Literature Review

Phenytoin May Offer Neuroprotection to Patients With Optic Neuritis


 

References

Patients with acute demyelinating optic neuritis who received phenytoin lost 30% less of their retinal nerve fiber layer (RNFL) than did placebo-treated patients in a randomized phase II study published online ahead of print January 25 in Lancet Neurology. “The results of this clinical trial support the concept of neuroprotection using phenytoin to inhibit voltage-gated sodium channels in patients with acute optic neuritis,” said Rhian Raftopoulos, MD, of the National Hospital for Neurology and Neurosurgery in London, and coauthors.

In the study of 86 people with acute optic neuritis, investigators randomized 29 participants to receive 4 mg/kg/day of oral phenytoin, 13 participants to receive 6 mg/kg/day of oral phenytoin, and 44 participants to receive placebo for three months. All participants were randomized within 14 days of vision loss. One-third of the patients had previously been diagnosed with multiple sclerosis or was diagnosed at presentation, and 74% had at least one brain lesion on MRI.

Treatment with phenytoin was associated with a decline of mean RNFL thickness in the affected eye from 130.62 μm at baseline to 81.46 μm at six months, compared with a decline from 125.20 μm to 74.29 μm in the placebo group, representing a statistically significant adjusted mean difference of 7.15 μm.

The researchers also noted a significant 34% reduction in macular volume loss in the treatment arm, compared with placebo, representing an adjusted mean difference of 0.20 mm3. However, the treatment had no significant effect on low-contrast visual acuity and visual evoked potentials.

The most common adverse event in the treatment arm was maculopapular rash, which was judged as severe in one patient treated with phenytoin.

“The absence of regular, early outcome assessments around one to two months after initiation of treatment makes it hard to interpret the results because they would have helped to rule out a primarily anti-inflammatory effect of the treatment by tracking RNFL swelling and possible optic nerve inflammation, especially given that there was higher baseline RNFL thickness and worse low-contrast visual acuity in the patients who received phenytoin,” said Shiv Saidha, MBBCh, Assistant Professor of Neurology, and Peter A. Calabresi, MD, Director of the Division of Neuroimmunology, both at Johns Hopkins University in Baltimore, in an accompanying editorial. “If the true RNFL thickness at baseline in the affected eye of patients in the pheny­toin group was higher than those in the placebo group, it could have accounted for the findings, even though the investigators made a prespecified adjustment for it.

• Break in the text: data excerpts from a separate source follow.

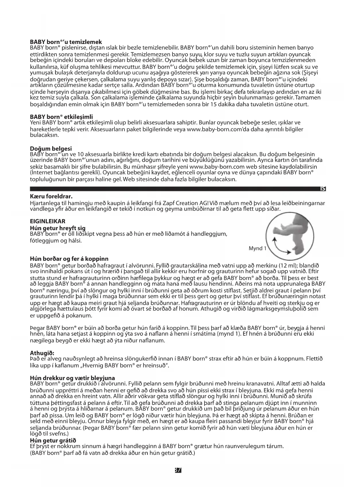 Kæru foreldrar. Hjartanlega til hamingju með kaupin á leikfangi frá Zapf Creation AG! Við mælum með því að lesa leiðbeiningarnar vandlega yr áður en leikfangið er tekið í notkun og geyma umbúðirnar til að geta ett upp síðar. EIGINLEIKAR Hún getur hreyft sig BABY born® er öll liðskipt vegna þess að hún er með liðamót á handleggjum, fótleggjum og hálsi. Hún borðar og fer á koppinn BABY born® getur borðað hafragraut í alvörunni. Fyllið grautarskálina með vatni upp að merkinu (12 ml); blandið svo innihaldi pokans út í og hrærið í þangað til allir kekkir eru horfnir og grauturinn hefur sogað upp vatnið. Eftir stutta stund er hafragrauturinn orðinn hælega þykkur og hægt er að gefa BABY born® að borða. Til þess er best að leggja BABY born® á annan handlegginn og mata hana með lausu hendinni. Aðeins má nota upprunalega BABY born® næringu, því að slöngur og hylki inni í brúðunni geta að öðrum kosti stíast. Setjið aldrei graut í pelann því grauturinn lendir þá í hylki í maga brúðunnar sem ekki er til þess gert og getur því stíast. Ef brúðunæringin notast upp er hægt að kaupa meiri graut hjá seljanda brúðunnar. Hafragrauturinn er úr blöndu af hveiti og sterkju og er algjörlega hættulaus þótt fyrir komi að óvart sé borðað af honum. Athugið og virðið lágmarksgeymsluþolið sem er uppgeð á pokanum. Þegar BABY born® er búin að borða getur hún farið á koppinn. Til þess þarf að klæða BABY born® úr, beygja á henni hnén, láta hana setjast á koppinn og ýta svo á naann á henni í smátíma (mynd 1). Ef hnén á brúðunni eru ekki nægilega beygð er ekki hægt að ýta niður naanum. Athugið: Það er alveg nauðsynlegt að hreinsa slöngukerð innan í BABY born® strax eftir að hún er búin á koppnum. Flettið líka upp í kaanum „Hvernig BABY born® er hreinsuð“. Hún drekkur og vætir bleyjuna BABY born® getur drukkið í alvörunni. Fyllið pelann sem fylgir brúðunni með hreinu kranavatni. Alltaf ætti að halda brúðunni uppréttri á meðan henni er geð að drekka svo að hún pissi ekki strax í bleyjuna. Ekki má gefa henni annað að drekka en hreint vatn. Allir aðrir vökvar geta stíað slöngur og hylki inni í brúðunni. Munið að skrúfa túttuna þéttingsfast á pelann á eftir. Til að gefa brúðunni að drekka þarf að stinga pelanum djúpt inn í munninn á henni og þrýsta á hliðarnar á pelanum. BABY born® getur drukkið um það bil þriðjung úr pelanum áður en hún þarf að pissa. Um leið og BABY born® er lögð niður vætir hún bleyjuna. Þá er hægt að skipta á henni. Brúðan er seld með einni bleyju. Önnur bleyja fylgir með, en hægt er að kaupa eiri passandi bleyjur fyrir BABY born® hjá seljanda brúðunnar. (Þegar BABY born® fær pelann sinn getur komið fyrir að hún væti bleyjuna áður en hún er lögð til svefns.) Hún getur grátið Ef þrýst er nokkrum sinnum á hægri handlegginn á BABY born® grætur hún raunverulegum tárum. (BABY born® þarf að fá vatn að drekka áður en hún getur grátið.) Mynd 138 Það má baða hana Hægt er að baða BABY born® í baðkerinu eða fara með hana í sundlaugina. Þó ætti ekki að kaæra hana í vatninu. Aldrei á að láta Baby born vera lengi óvarða í beinu sólarljósi (hámark 1 klst.). Áður en BABY born® er böðuð þarf að ganga úr skugga um að ventillinn á bakinu á henni sé lokaður (skoran á snúanlega lokinu á að vera lóðrétt). Til að baða hana má eingöngu nota kalt eða volgt vatn og venjuleg baðefni fyrir börn. BABY born® ætti ekki að vera lengur en 3 tíma í baðvatni né heldur í klórblönduðu eða söltu vatni, því þá er ekki hægt að útiloka kemísk áhrif eða upplitun á efni brúðunnar. Eftir baðið á að hreinsa BABY born® með hreinu kranavatni. Ef vatn kemst inn í BABY born® í baðinu má þurrka hana aftur á eftirfarandi hátt: Opnið ventilinn á bakinu á BABY born® með því að snúa lokinu gætilega rangsælis með skrúárni eða smápeningi og síðan toga í það út. Það er ekki hægt að taka lokið alveg af! Vatninu má ná út með því að hrista brúðuna gætilega fram og aftur (látið bakið snúa niður). Endurtakið þetta nokkrum sinnum. Ef þarf má þurrka brúðuna í 2-3 klukkustundir með ventilinn opinn til að losna við allan raka. Eftir þurrkun á að snúa lokinu aftur réttsælis. Athugið: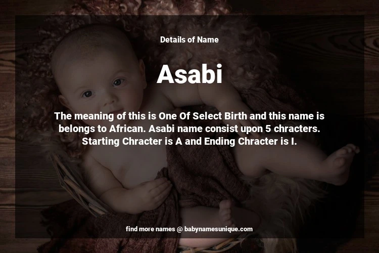 The name Asabi is chosen by those who are willing to find Unique Transgenders Baby Names. The meaning of this is One Of Select Birth and this name is belongs to African Origin. Baby Name Asabi consist upon 5 chracters. Starting alphabet is A and ending alphabet is I. This name is used primarily by parents who are considering unique baby names for Transgenders. The Zodiac Sign suitbale for this name are;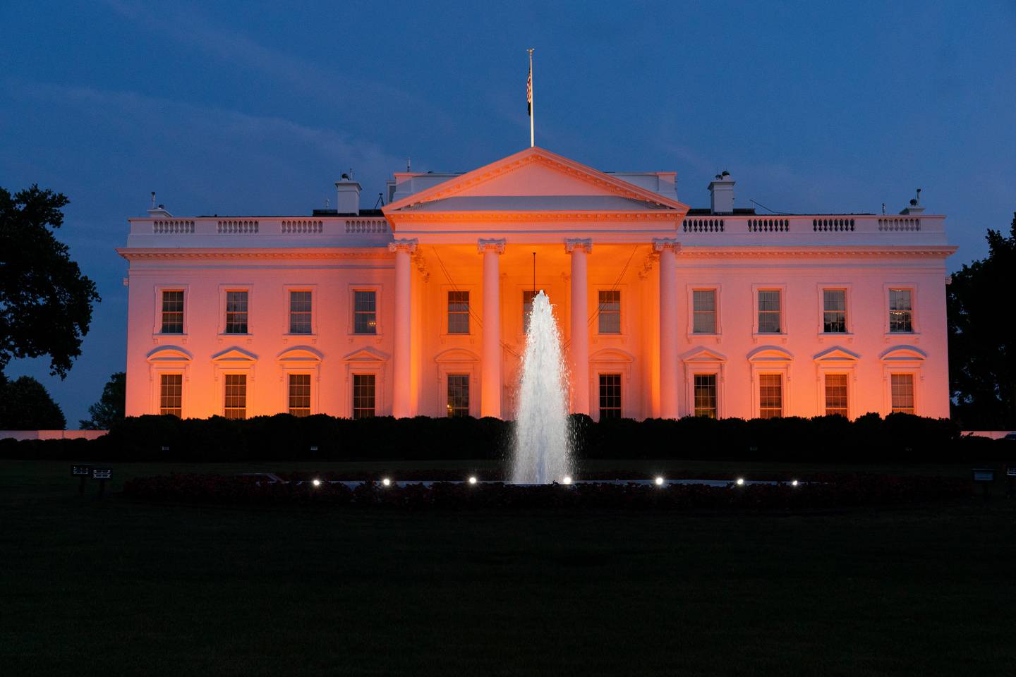 The White House is illuminated with orange lights in honour of National Gun Violence Awareness Day on Friday. Photo / APÂ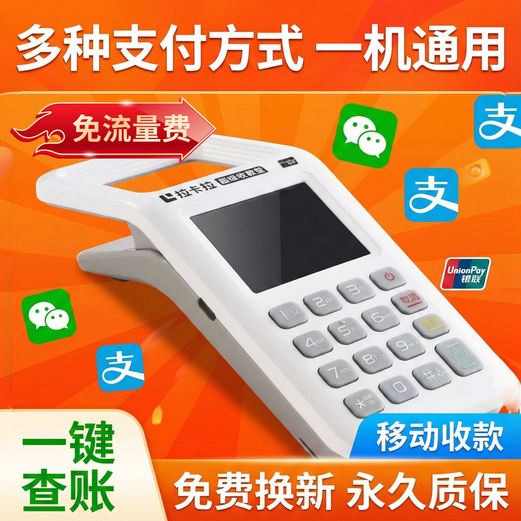 淘宝银联个人收款机器,0流量费,个人秒到收款机

“Although the results of this study are a major advancement and undeniably encouraging, future studies need to include more frequent optical coherence tomography (OCT) sampling, as well as more detailed OCT-segmentation-derived retinal measures such as ganglion cell plus inner plexiform layer thickness, which do not swell during acute optic neuritis, mitigating the need for statistical corrections involving the unaffected eye,” they concluded.